スカイツリーの光を見ながら、「灯りにも物語がある」と思った。たとえば今日、誰かが恋人とこの光を見上げていて、また誰かがひとりで過ぎた日を思い出しているかもしれない。同じ光なのに、見る人の心でまったく違う章が生まれる。本もそう。読む人の数だけ物語が生まれる。
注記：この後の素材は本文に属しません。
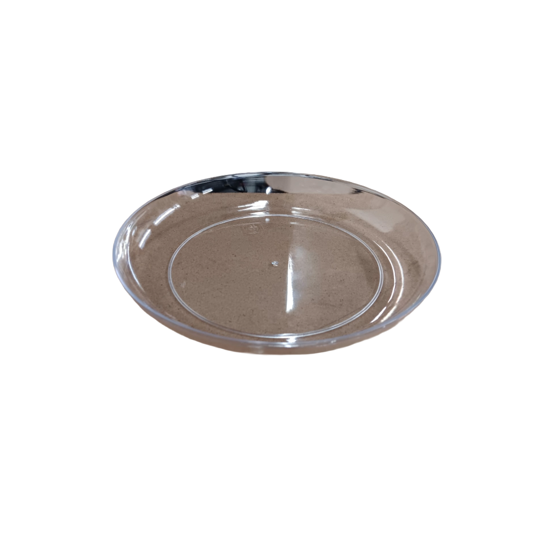 Description: 11" clear plastic design dish
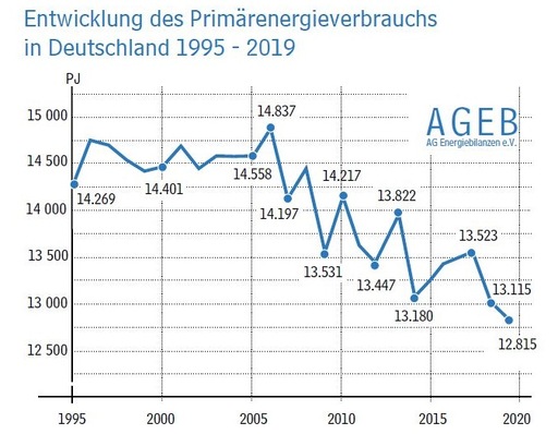Der Energieverbrauch in Deutschland erreichte 2019 nach vorläufigen Berechnungen der Arbeitsgemeinschaft Energiebilanzen (AG Energiebilanzen) eine Höhe von 12.815 PJ bzw. 3560 TWh (Mrd. kWh). Das entspricht einem Rückgang um 2,3 % gegenüber dem Vorjahr. Im Gebäudesektor war die Entwicklung gegenläufig.
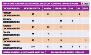 Las reformas constitucionales que impulsa el presidente de la República podrían ser votadas y aprobadas por la renovada Cámara de Diputados en septiembre próximo. Proponen: “La Cámara de Diputados quedaría conformada por 300 curules, es decir, se eliminarían 200 diputaciones plurinominales; aunque en ningún caso la representación de una entidad federativa puede ser menor de dos diputados. Por su parte, el Senado de la República quedaría integrado por 64 escaños; la mitad de los que actualmente tiene. De igual modo, serían elegidos de manera directa y secreta por la ciudadanía mediante el sistema de mayoría relativa por entidad federativa, correspondiendo dos escaños por cada estado. Asimismo, se propone que los Congresos de las entidades federativas se integren por diputadas y diputados electos de manera directa y secreta conforme al sistema de mayoría relativa”.
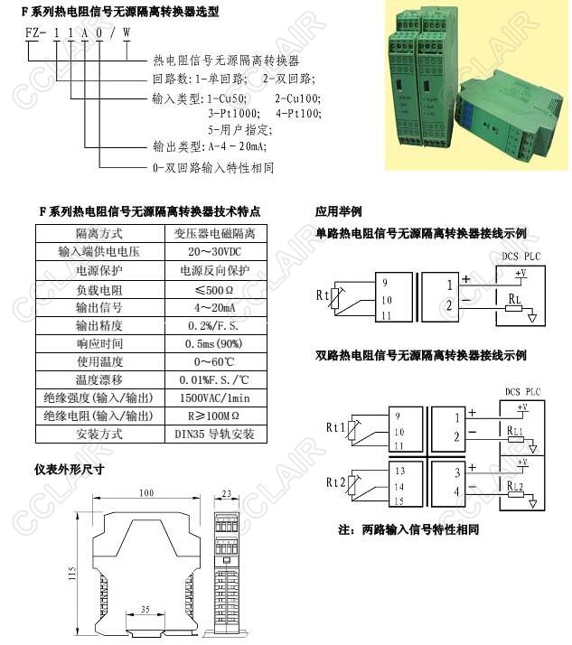 FZ-11A0/W,FZ-12A0/W,FZ-13A0/W,FZ-14A0/W,FZ-15A0/W,FZ-21A0/W,無源熱電阻信號(hào)隔離轉(zhuǎn)換器
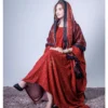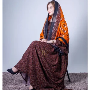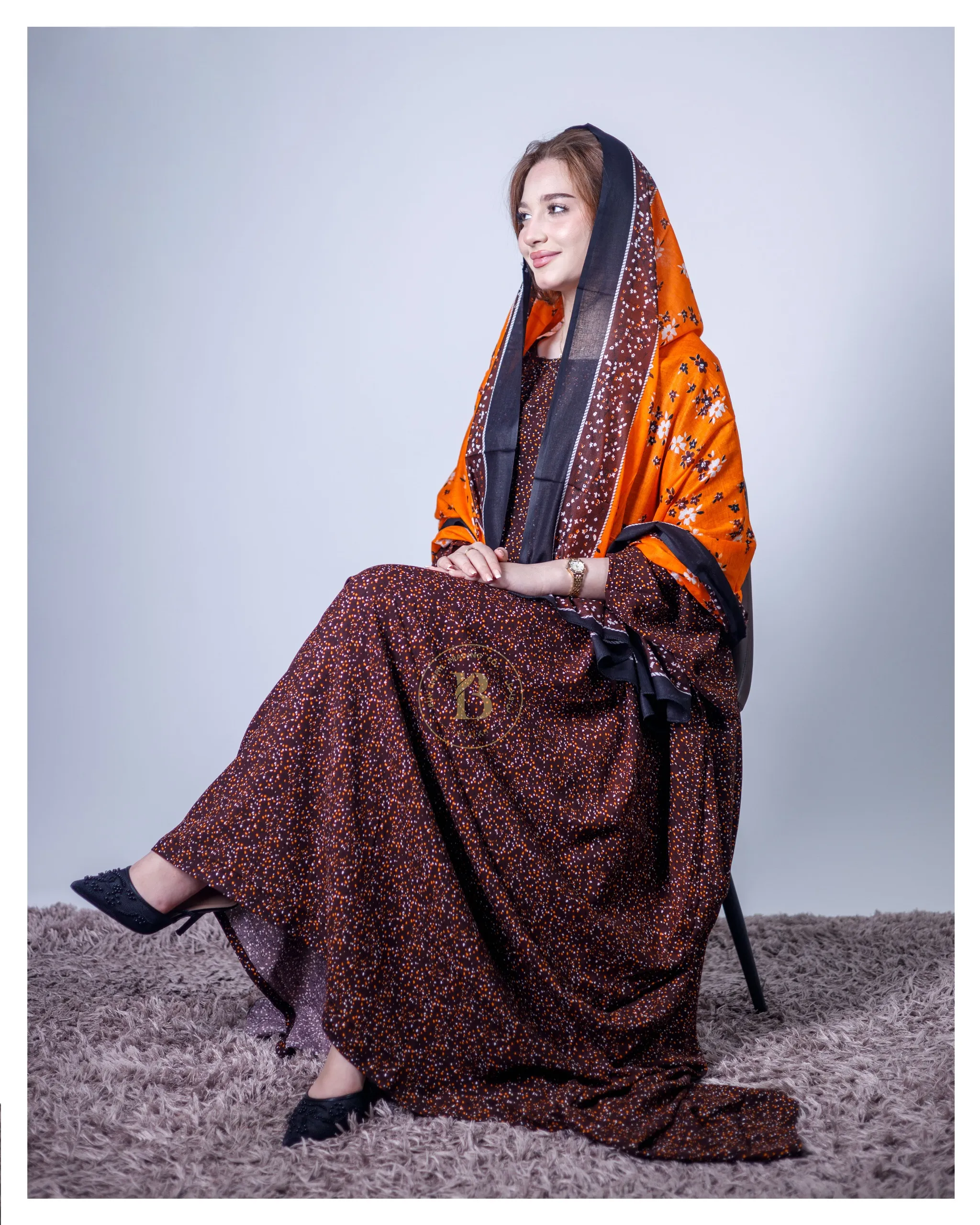 ثوب بلون التوت مصنوع من القطن بتصميم جميل مطبوع بشيلة متناسقة ومخيطة على الطراز الظفاري

出張買取の仕事では、お客様が手放す本をひと箱ずつ開けるたびに、その人の人生の“書きかけのページ”に出会う気がする。ページの角の折れ方、メモ書き、日焼けの跡――どれも生きた証のようで。それを受け取りながら、
「次の読者へ、ちゃんと届きますように」と心の中で祈っている。
光の下でスマホを構えて、写真を一枚だけ撮った。画面の中のスカイツリーは、さっきよりも少し柔らかく見えた。もしかしたら、自分の心のページも、少しめくれたのかもしれない。
冬が始まるこの季節、本と光の両方に包まれる瞬間は、なぜこんなにも静かであたたかいのだろう。帰り道、風が頬を冷たく撫でたけれど、その冷たささえも“読後の余韻”みたいに感じた。